大塘头是桃江境内海拨高度最高的一个自然村组,这里有一驿站,人们把此驿站称作“茶摊。”据说此茶摊是父传子业,位于大塘头叫洞尾的地方。茶摊内,几张古朴的八仙桌,每张八仙桌摆放着配套的条凳,简单而雅致。桌子上面摆放着各式名样的茶具,有青花瓷的茶壶,有紫砂壶的茶杯,还有竹制的茶盘,每一件物品都透露出主人的用心和品味。茶摊的柜子里摆放着多味花生、四仁饼、瓜子、各种糕点,看上去让人垂涎三尺。旁边是一个小巧的木炭炉,炉上烧着一壶开水,水汽袅袅上升,带着一股淡淡的茶香。茶摊的主人叫曾传香,是一位慈祥的老爷爷,他穿着传统的服饰,手法娴熟地泡着一壶壶香茗,每一个动作都显得那么从容和优雅。开茶摊时间长了,过往的行人有很多是回头客,对主人曾传香的待客之道赞美不绝,因此,给他取了个既美又有诗情画意的外号“香头,”那茶摊也命名为“香头茶摊”。
香头茶摊,成为了一个临时的休息站。在这里,人们可以放下匆忙的脚步,享受片刻的宁静。肩上的重担似乎在这一刻变得轻盈,心中的烦恼也似乎随着袅袅升起的茶香消散。香头茶摊,不仅仅是一个卖茶的地方,它更是人们交流、放松的场所。在这里,时间仿佛变得缓慢,每一杯茶都承载着不同的故事和心情。
行客们在茶摊不仅是为了喝茶休息,更重要的是为了等人。因为在此休息后,前往全南、南雄的行客,马上要从深坑公通过,这里是劫匪经常出没的地方,行客们在茶摊等候,为了安全起见,等到有一大伙人再出发。

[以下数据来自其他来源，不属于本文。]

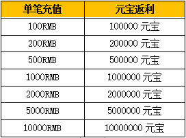 【活动内容】:活动期间,单服前20名玩家单日单笔充值达到对应要求即可获得100%的元宝返利,活动仅限2天!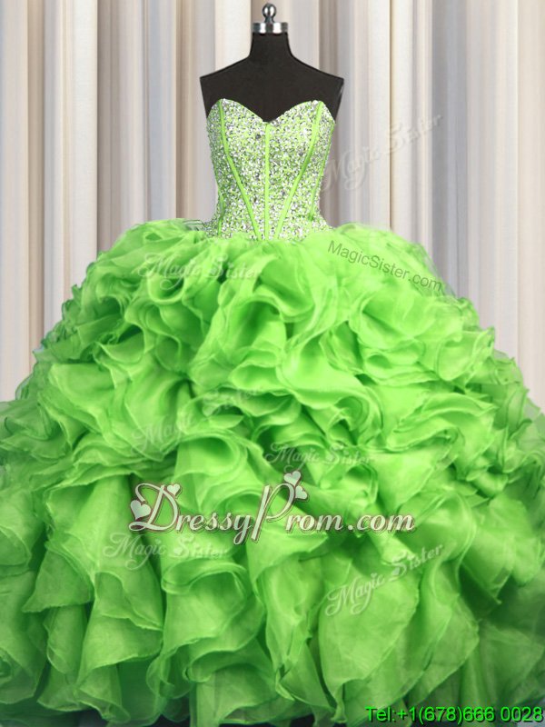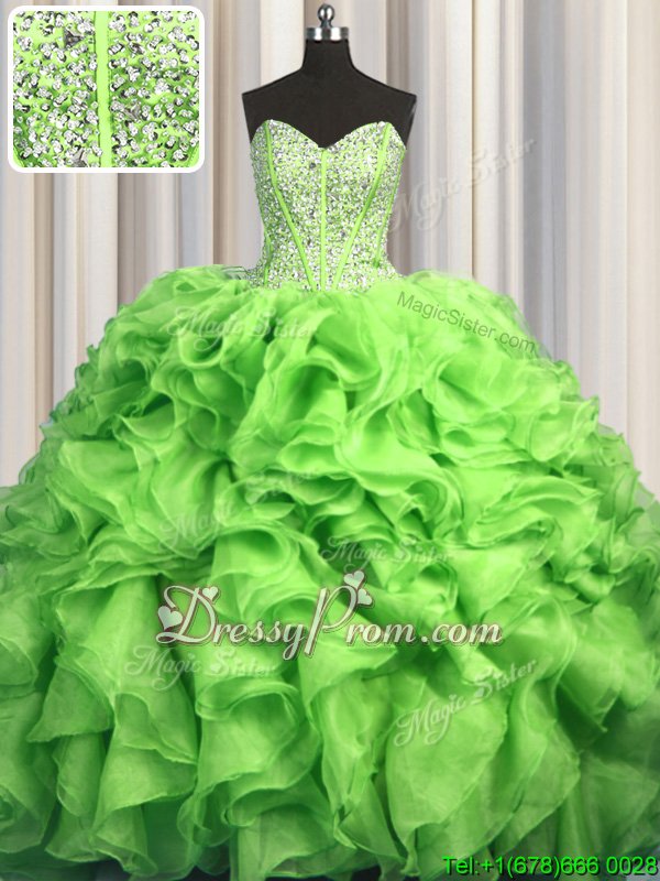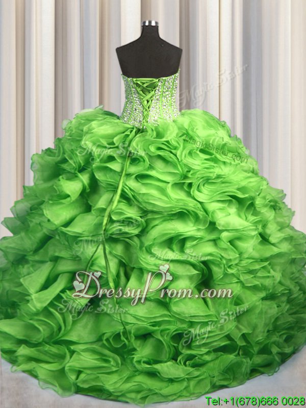 Neckline : SweetheartShown Color : Yellow GreenSilhouette : Ball GownsSleeve Length : sleevelessHemline : with trainBack Detail : Lace upFabric : OrganzaEmbellishment : Beading,RufflesOccasion : Military Ball,Sweet 16,QuinceaneraSeason : Spring,Summer,Fall,Winter

驿道通过深坑公,树木高耸在空中,枝繁叶茂不见日,一座拱桥连西东。
深坑公,顾名思义是一条很深的坑公,不错,在“龙雄驿道”上,龙南与全南交界处有一条非常深的小溪,客家人称“坑公”,这里东西两面都是陡礕,溪水从北往南流。从东边下到坑底,有一道独一无二的踏步风景,那就是72塅(72步台阶)。到了坑底,一座长达6米的石拱桥连接东西。这座石拱桥,古老而庄重,有着历史的厚重感,更有着历史文化底蕴。它用麻条石精筑而成,以优美的弧线横跨溪流,巧妙地连接两岸,成为了驿道上的一道亮丽风景线。从石拱桥走过,人们可以领略到古代文人墨客的诗意和情怀。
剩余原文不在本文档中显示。